La construction du digesteur n’a donc exercé aucune influence sur la découverte de la machine à feu ; si elle y contribua en quelque chose, ce ne fut guère qu’en familiarisant l’inventeur avec l’usage pratique de la vapeur d’eau.

Depuis la publication de son New Digester, Papin se trouvait à Londres dans une position plus avantageuse peut-être que celle qu’il avait occupée à Paris. Il appartenait à la Société royale, la première des Académies de l’Europe. En outre, la protection de Robert Boyle lui permettait d’espérer beaucoup, car ce savant illustre, successivement honoré de l’estime de Charles II, de Jacques II et de Guillaume, savait user en faveur de ses amis d’un crédit qu’il dédaignait pour lui-même. D’un autre côté, il continuait à entretenir avec son pays de bonnes relations ; on insérait régulièrement dans le Journal des savants les communications qu’il lui adressait.
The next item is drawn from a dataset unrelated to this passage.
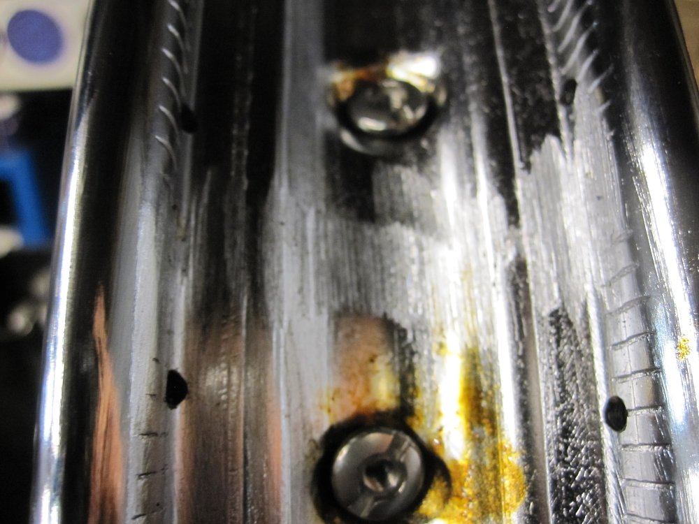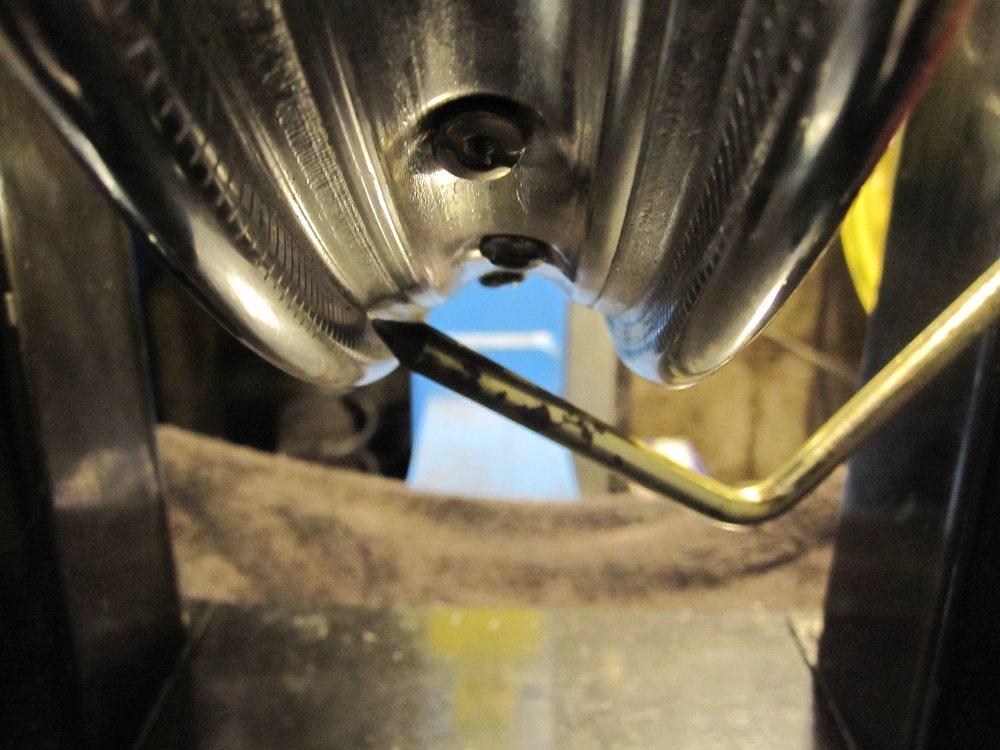 Once you have all your wheel components ready, begin loading the “inside” spokes in every other hole in both of the hub flanges, from the outside. I have found that it is easy to tell where the spokes should go based on witness marks in the hub. It is usually very apparent where the old spokes were, making it easy to put the new ones in the correct holes. If the spoke location and direction is unclear, reference your service manual and the photos you took earlier. Now your hub will be loaded with half of the pile of spokes you started with.

Aussi ne peut-on se défendre d’un certain sentiment de dépit contre son humeur vagabonde, lorsqu’on le voit déserter tout à coup le sol hospitalier qui l’a reçu, et de même qu’il avait abandonné la France pour l’Angleterre, abandonner l’Angleterre pour l’Italie.

Le chevalier Sarroti, secrétaire du sénat de Venise, venait de fonder dans cette ville, par l’ordre du sénat, une nouvelle Académie, en vue du perfectionnement des sciences et des lettres, « avec une dépense et une générosité tout à fait extraordinaires », dit Papin[2]. Sarroti offrit au physicien français une position dans cette Société, et Papin accepta, un peu à l’étourdie.

Il résulte d’une lettre de lui, datée d’Anvers le 1er mars 1681, et adressée au docteur Croune, que depuis peu de jours il avait quitté l’Angleterre. Dans cette lettre, il priait son ami de remettre sa machine à la Société royale, à laquelle il offrait en même temps ses services en quelque lieu qu’il se trouvât.

La Société royale, qui le vit partir avec regret, tint note de la promesse, et inscrivit son nom sur la liste de ses membres honoraires.

Papin séjourna plus de deux ans à Venise, occupé presque sans relâche à des expériences de physique. Ses travaux lui acquirent

  1. La Manière d’amollir les os, p. 10.
  2. Journal des savants, 1684, p. 82.